> _Action item_
Take nothing but the lines from the one with "Оказалось, что для" through the one with "3、服务时间显示是跟首检一起" in the entries below, both ends kept, and return them exactly with pictures left out.
==== Entries provided
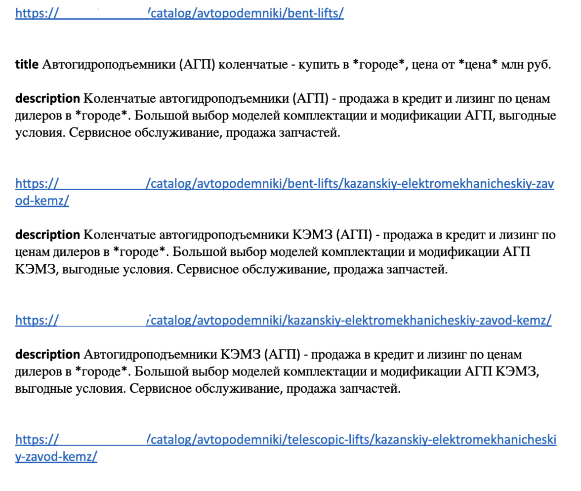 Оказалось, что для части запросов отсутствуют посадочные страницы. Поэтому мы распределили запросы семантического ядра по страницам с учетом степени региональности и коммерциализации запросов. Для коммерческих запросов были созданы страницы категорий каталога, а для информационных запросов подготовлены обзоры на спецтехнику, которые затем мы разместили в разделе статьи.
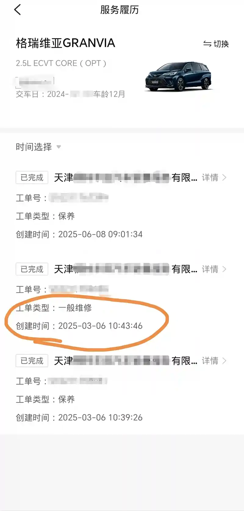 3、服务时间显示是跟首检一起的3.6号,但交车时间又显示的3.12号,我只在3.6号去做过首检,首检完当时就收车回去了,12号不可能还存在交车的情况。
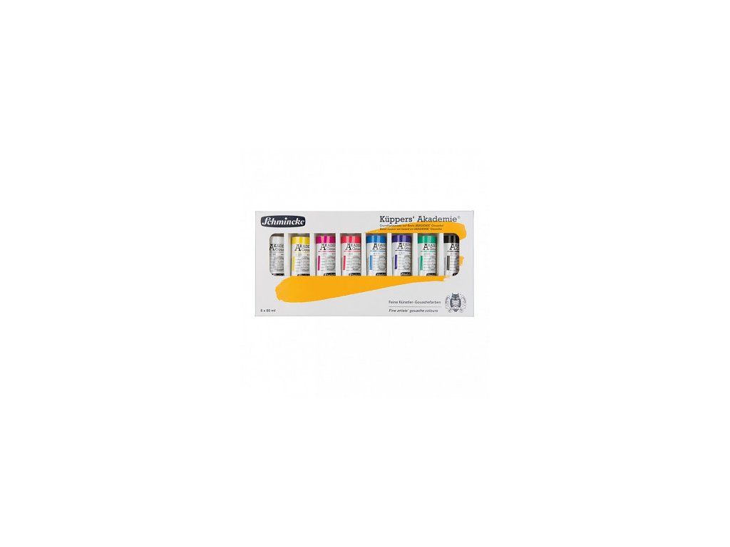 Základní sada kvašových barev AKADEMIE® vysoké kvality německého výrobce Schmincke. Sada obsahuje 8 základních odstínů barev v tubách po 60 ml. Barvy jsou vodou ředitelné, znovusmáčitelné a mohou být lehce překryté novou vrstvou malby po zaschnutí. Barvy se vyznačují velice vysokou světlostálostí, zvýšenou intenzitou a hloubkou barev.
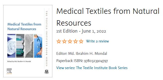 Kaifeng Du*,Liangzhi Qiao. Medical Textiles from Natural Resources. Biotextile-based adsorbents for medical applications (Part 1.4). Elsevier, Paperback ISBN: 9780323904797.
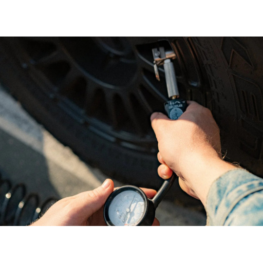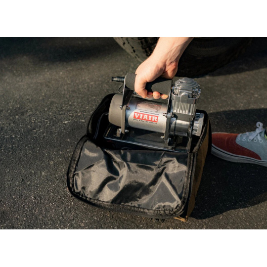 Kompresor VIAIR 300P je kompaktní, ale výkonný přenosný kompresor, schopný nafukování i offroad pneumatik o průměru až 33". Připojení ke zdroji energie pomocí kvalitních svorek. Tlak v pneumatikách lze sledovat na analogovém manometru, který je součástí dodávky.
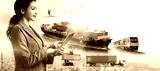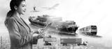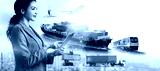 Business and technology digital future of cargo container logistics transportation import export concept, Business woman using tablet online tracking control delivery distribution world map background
========
==== Entries provided
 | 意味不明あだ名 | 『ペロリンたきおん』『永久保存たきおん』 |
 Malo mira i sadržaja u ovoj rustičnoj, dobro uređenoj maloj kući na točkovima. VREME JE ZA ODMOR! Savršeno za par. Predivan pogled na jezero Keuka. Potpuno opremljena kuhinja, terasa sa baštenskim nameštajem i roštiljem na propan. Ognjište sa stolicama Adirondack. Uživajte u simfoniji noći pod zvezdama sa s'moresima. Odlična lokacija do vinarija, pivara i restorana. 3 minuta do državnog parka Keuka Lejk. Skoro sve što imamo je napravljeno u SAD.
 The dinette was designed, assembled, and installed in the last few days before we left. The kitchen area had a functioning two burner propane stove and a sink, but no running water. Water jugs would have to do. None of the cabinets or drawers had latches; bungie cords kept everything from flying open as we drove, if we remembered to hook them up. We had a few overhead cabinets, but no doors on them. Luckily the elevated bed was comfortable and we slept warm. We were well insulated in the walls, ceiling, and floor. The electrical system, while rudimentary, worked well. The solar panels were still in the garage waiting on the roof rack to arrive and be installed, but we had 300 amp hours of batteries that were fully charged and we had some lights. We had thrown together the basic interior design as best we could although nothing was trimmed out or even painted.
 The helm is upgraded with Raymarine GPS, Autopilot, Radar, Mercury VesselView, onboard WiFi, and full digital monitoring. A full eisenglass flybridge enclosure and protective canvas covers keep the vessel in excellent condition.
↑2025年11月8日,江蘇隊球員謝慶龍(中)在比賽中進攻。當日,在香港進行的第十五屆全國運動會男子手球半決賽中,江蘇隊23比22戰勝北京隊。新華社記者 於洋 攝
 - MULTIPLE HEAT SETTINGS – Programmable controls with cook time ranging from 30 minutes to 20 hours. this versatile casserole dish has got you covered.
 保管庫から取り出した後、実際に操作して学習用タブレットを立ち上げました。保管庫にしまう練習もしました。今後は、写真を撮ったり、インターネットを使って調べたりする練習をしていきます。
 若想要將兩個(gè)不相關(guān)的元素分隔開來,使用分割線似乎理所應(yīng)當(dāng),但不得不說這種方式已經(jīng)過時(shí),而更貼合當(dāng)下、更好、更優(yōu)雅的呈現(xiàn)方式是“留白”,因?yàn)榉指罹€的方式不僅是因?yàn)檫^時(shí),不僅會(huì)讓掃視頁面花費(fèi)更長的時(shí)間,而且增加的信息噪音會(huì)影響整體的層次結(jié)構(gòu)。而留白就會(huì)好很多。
========
==== Entries provided
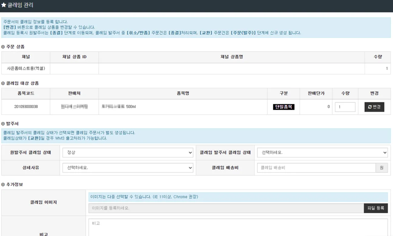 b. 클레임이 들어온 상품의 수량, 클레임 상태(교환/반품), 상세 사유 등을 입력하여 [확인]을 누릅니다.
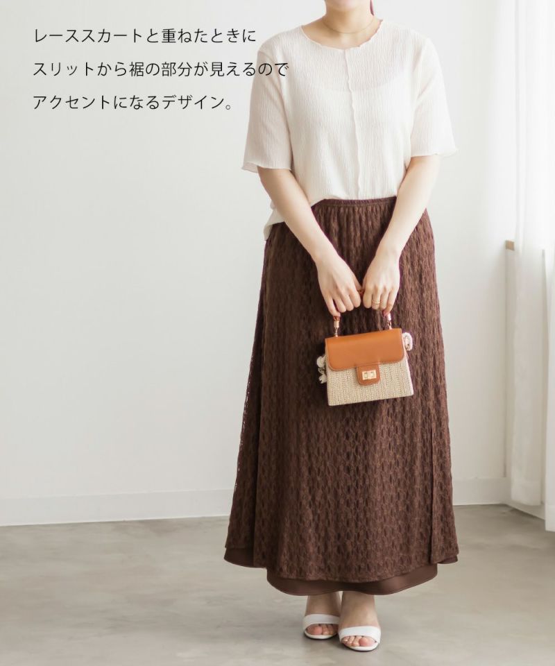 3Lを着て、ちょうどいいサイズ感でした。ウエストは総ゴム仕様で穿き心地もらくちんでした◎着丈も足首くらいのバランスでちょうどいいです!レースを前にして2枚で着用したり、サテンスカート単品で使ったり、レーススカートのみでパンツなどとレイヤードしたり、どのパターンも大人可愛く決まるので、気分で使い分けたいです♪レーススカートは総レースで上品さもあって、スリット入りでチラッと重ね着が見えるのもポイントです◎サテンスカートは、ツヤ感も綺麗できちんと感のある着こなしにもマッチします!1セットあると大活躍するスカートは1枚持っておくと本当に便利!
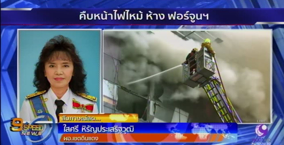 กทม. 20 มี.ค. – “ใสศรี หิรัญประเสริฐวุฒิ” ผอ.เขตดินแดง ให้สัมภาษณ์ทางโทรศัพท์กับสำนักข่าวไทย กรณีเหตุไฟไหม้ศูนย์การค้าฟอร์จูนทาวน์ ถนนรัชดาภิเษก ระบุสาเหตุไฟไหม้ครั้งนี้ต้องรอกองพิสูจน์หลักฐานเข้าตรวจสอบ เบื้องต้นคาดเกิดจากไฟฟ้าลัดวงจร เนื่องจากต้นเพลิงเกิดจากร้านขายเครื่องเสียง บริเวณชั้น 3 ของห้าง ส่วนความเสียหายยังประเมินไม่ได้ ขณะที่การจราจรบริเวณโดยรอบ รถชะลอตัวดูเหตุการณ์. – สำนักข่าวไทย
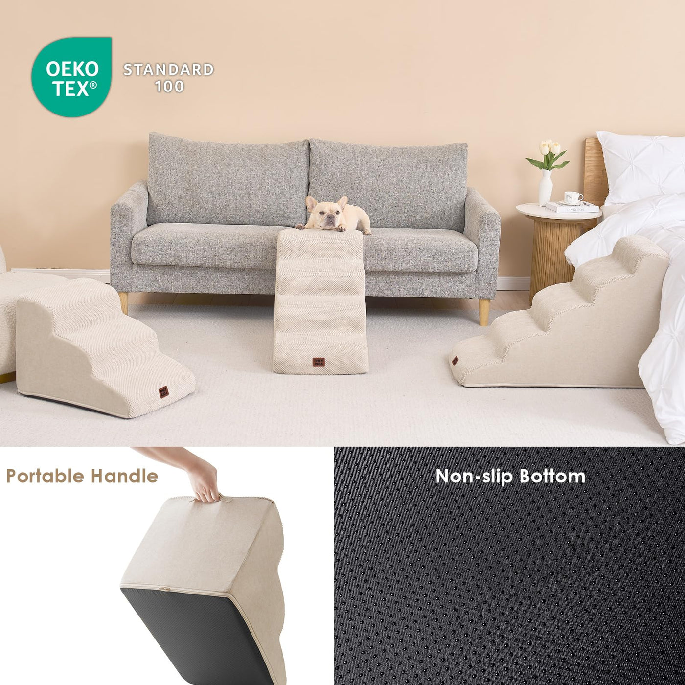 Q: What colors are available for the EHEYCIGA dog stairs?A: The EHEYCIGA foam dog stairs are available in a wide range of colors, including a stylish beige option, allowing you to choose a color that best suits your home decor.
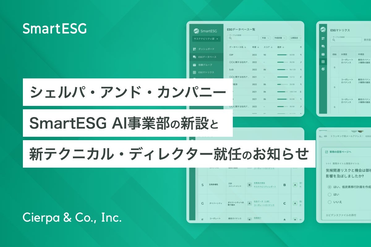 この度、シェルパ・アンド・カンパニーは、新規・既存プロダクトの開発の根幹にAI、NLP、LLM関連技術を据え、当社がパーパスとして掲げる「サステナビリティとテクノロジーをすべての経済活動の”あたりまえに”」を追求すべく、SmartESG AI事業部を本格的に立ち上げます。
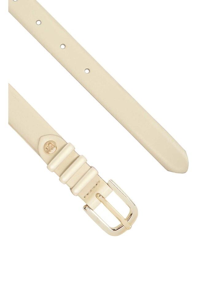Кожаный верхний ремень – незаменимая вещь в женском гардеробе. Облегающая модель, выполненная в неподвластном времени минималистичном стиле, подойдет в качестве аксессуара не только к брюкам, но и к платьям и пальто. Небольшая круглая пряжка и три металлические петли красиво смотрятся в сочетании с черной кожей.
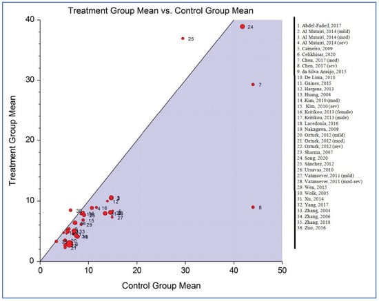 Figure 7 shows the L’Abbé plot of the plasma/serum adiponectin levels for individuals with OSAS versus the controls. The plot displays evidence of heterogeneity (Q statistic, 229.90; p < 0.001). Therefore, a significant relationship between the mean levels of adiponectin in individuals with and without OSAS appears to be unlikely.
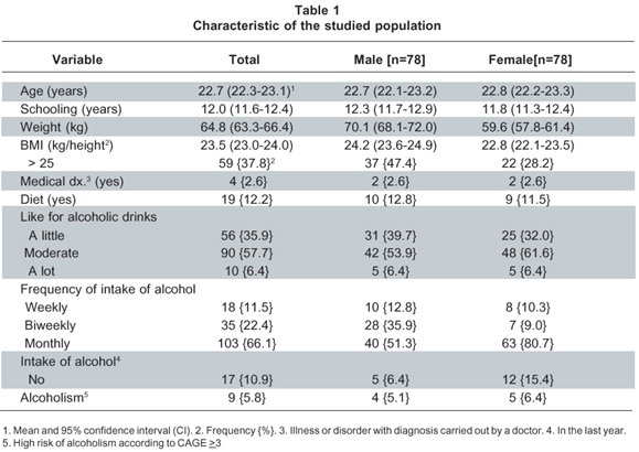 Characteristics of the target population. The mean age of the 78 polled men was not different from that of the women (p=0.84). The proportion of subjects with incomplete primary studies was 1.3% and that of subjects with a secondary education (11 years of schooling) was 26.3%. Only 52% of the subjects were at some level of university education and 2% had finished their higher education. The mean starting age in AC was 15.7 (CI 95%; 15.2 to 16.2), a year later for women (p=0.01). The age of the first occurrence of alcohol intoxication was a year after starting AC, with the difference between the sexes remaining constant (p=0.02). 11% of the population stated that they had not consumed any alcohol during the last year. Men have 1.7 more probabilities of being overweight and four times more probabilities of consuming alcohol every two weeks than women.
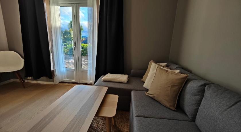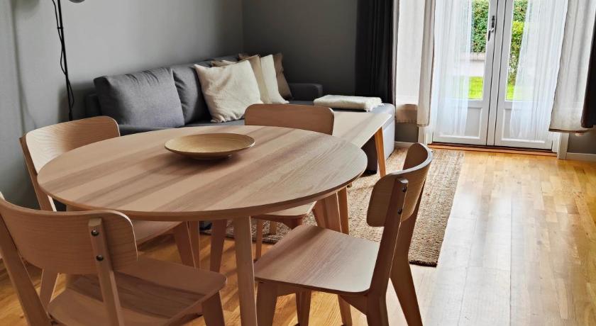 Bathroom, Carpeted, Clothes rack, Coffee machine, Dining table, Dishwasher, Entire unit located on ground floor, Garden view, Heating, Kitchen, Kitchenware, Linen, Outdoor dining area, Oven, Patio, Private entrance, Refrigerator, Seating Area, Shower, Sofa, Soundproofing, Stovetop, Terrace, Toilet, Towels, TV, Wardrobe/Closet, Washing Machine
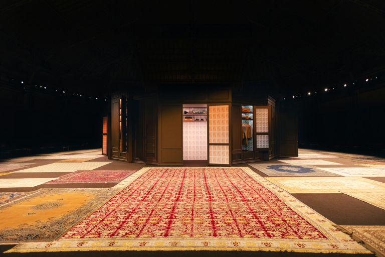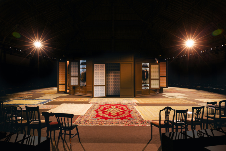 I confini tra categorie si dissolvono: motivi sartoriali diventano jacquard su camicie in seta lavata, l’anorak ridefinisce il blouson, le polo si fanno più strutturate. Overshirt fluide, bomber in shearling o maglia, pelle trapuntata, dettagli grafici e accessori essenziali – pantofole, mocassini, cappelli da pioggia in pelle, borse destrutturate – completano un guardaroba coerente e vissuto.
========
> _Expected output_
 Оказалось, что для части запросов отсутствуют посадочные страницы. Поэтому мы распределили запросы семантического ядра по страницам с учетом степени региональности и коммерциализации запросов. Для коммерческих запросов были созданы страницы категорий каталога, а для информационных запросов подготовлены обзоры на спецтехнику, которые затем мы разместили в разделе статьи.
 3、服务时间显示是跟首检一起的3.6号,但交车时间又显示的3.12号,我只在3.6号去做过首检,首检完当时就收车回去了,12号不可能还存在交车的情况。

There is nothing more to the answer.